═══ Given information ═══

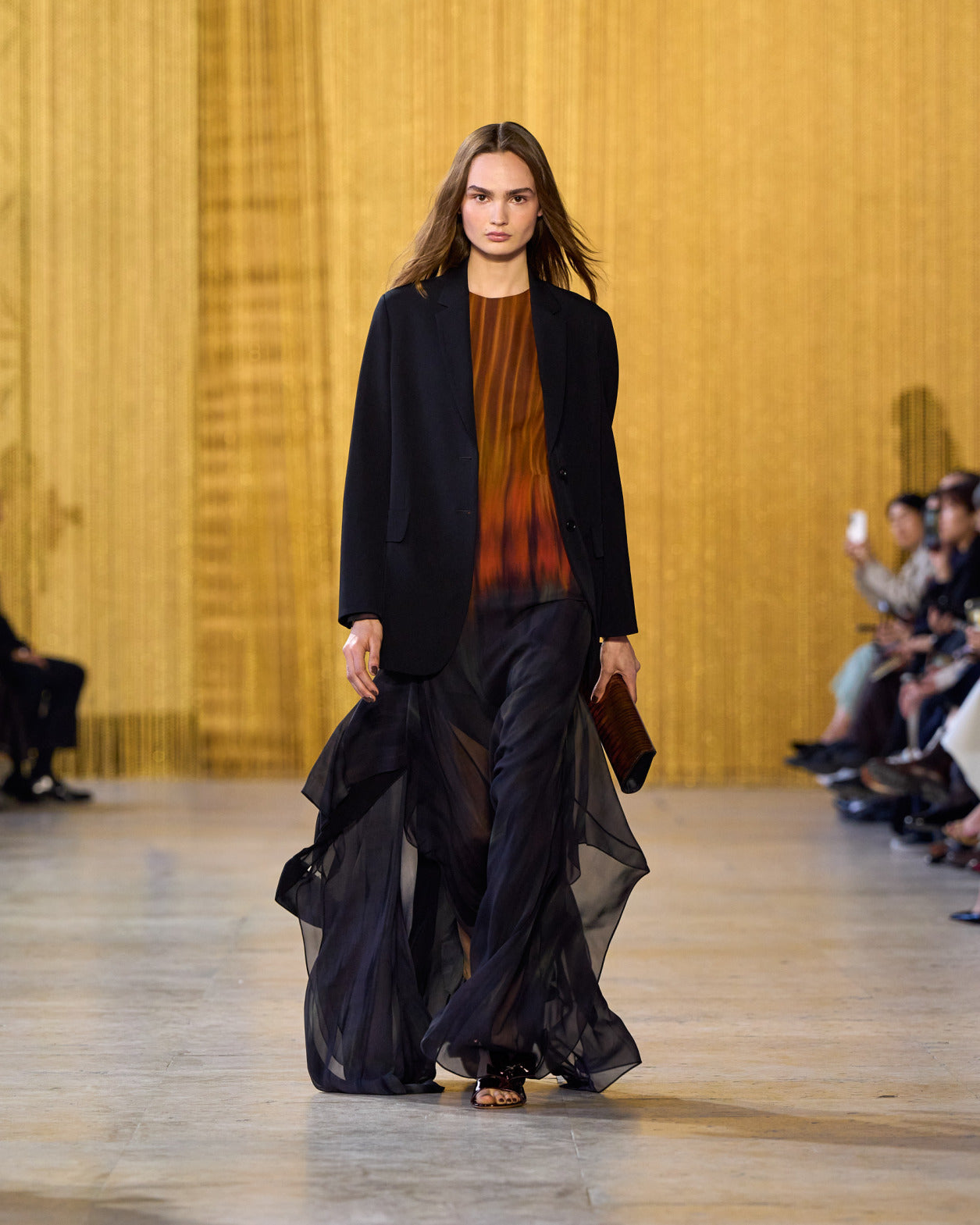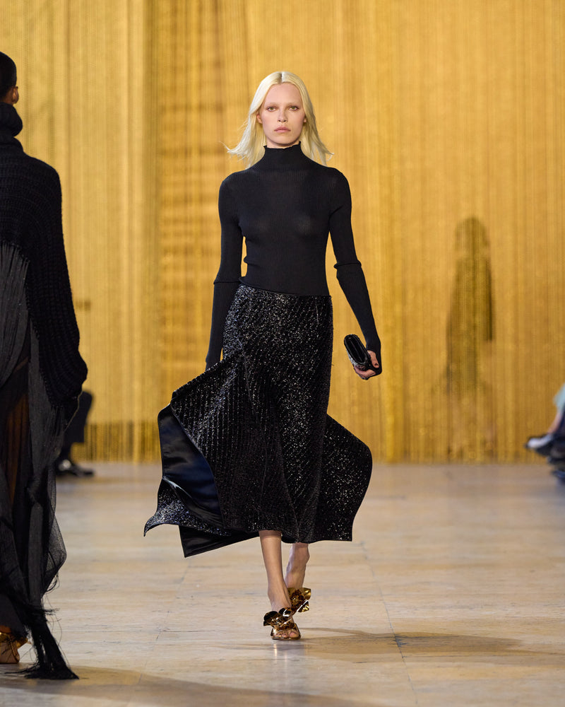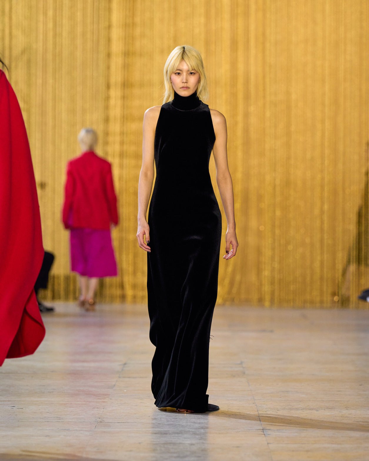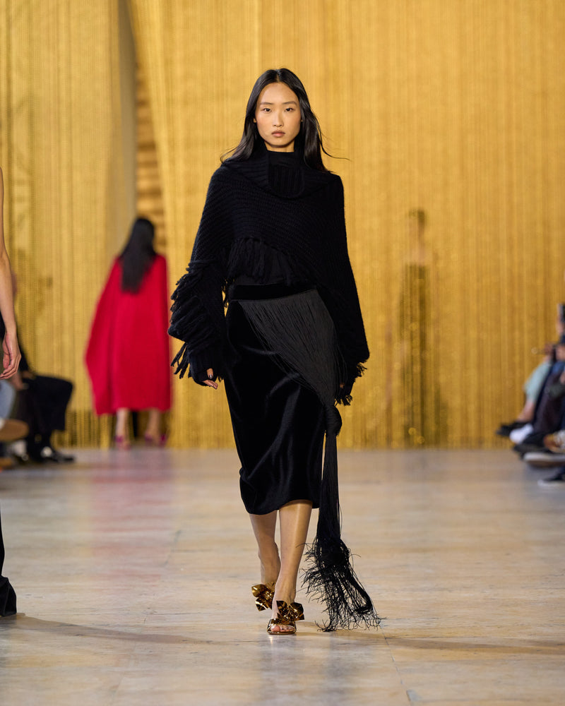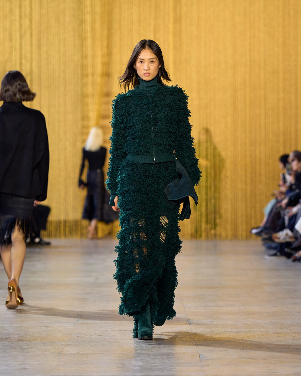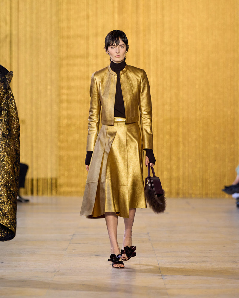 ショーはパリ「パレ・ド・トーキョー」で開催。会場内では、きらめく黄金のカーテンが空間を引き締め、モデルがランウェイにランウェイに足を踏み出すたびに微かに揺れました。
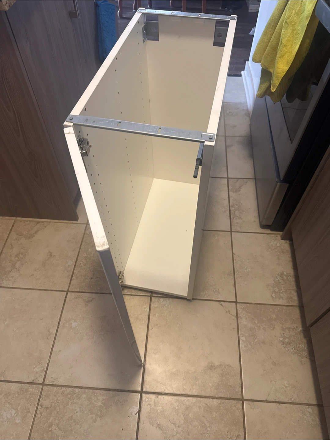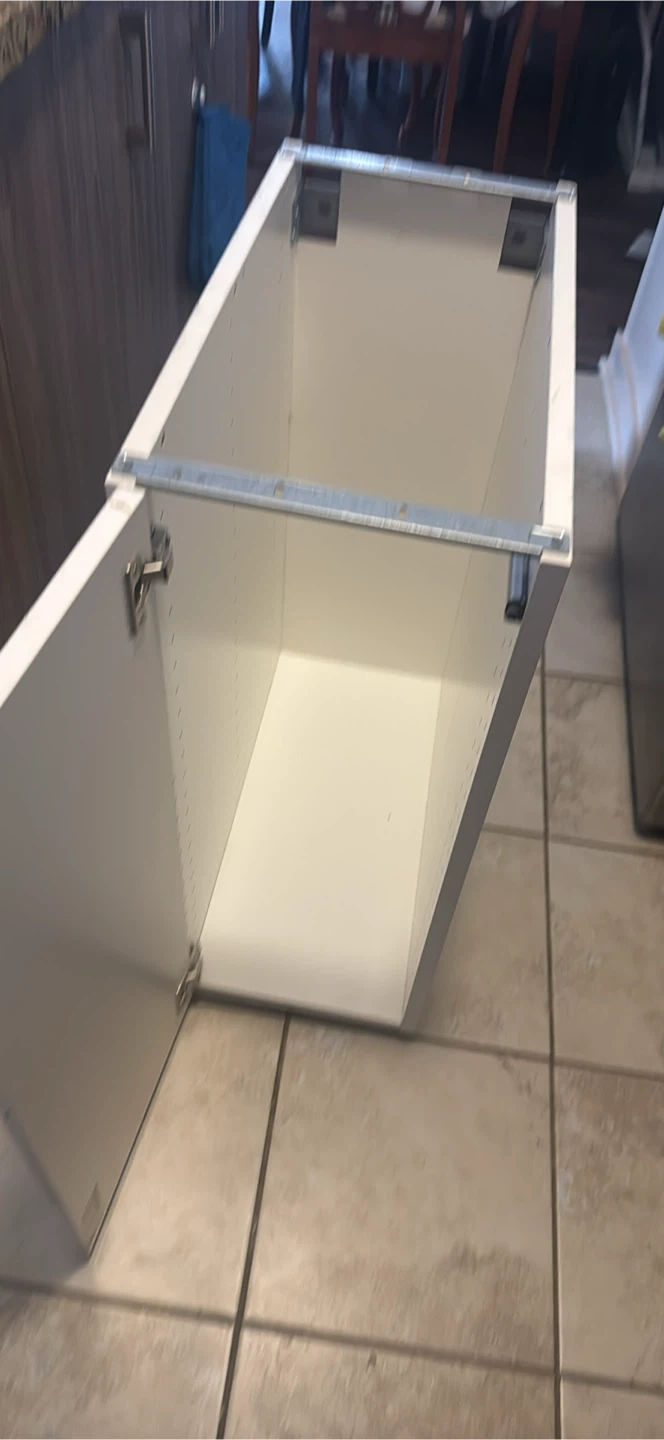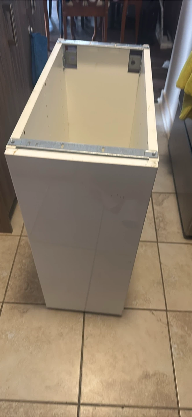 Selling an IKEA kitchen cabinet frame in white. It's in great condition and ready for a new kitchen project! Perfect for adding extra storage to your home. 24.5x12x30
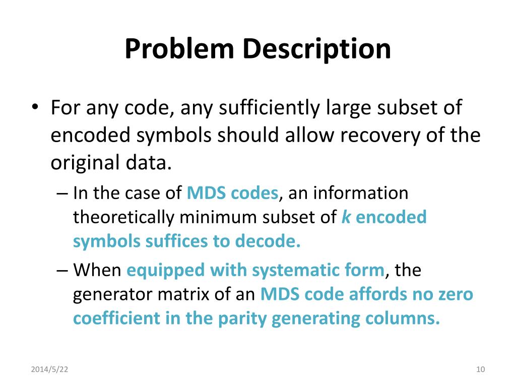 Problem Description • For any code, any sufficiently large subset of encoded symbols should allow recovery of the original data. • In the case of MDS codes, an information theoretically minimum subset of k encoded symbols suffices to decode. • When equipped with systematic form, the generator matrix of an MDS code affords no zero coefficient in the parity generating columns.

═══

- What you should do: The whole listing, pictures excluded, should be output exactly.

- Completed task:
 ショーはパリ「パレ・ド・トーキョー」で開催。会場内では、きらめく黄金のカーテンが空間を引き締め、モデルがランウェイにランウェイに足を踏み出すたびに微かに揺れました。
 Selling an IKEA kitchen cabinet frame in white. It's in great condition and ready for a new kitchen project! Perfect for adding extra storage to your home. 24.5x12x30
 Problem Description • For any code, any sufficiently large subset of encoded symbols should allow recovery of the original data. • In the case of MDS codes, an information theoretically minimum subset of k encoded symbols suffices to decode. • When equipped with systematic form, the generator matrix of an MDS code affords no zero coefficient in the parity generating columns.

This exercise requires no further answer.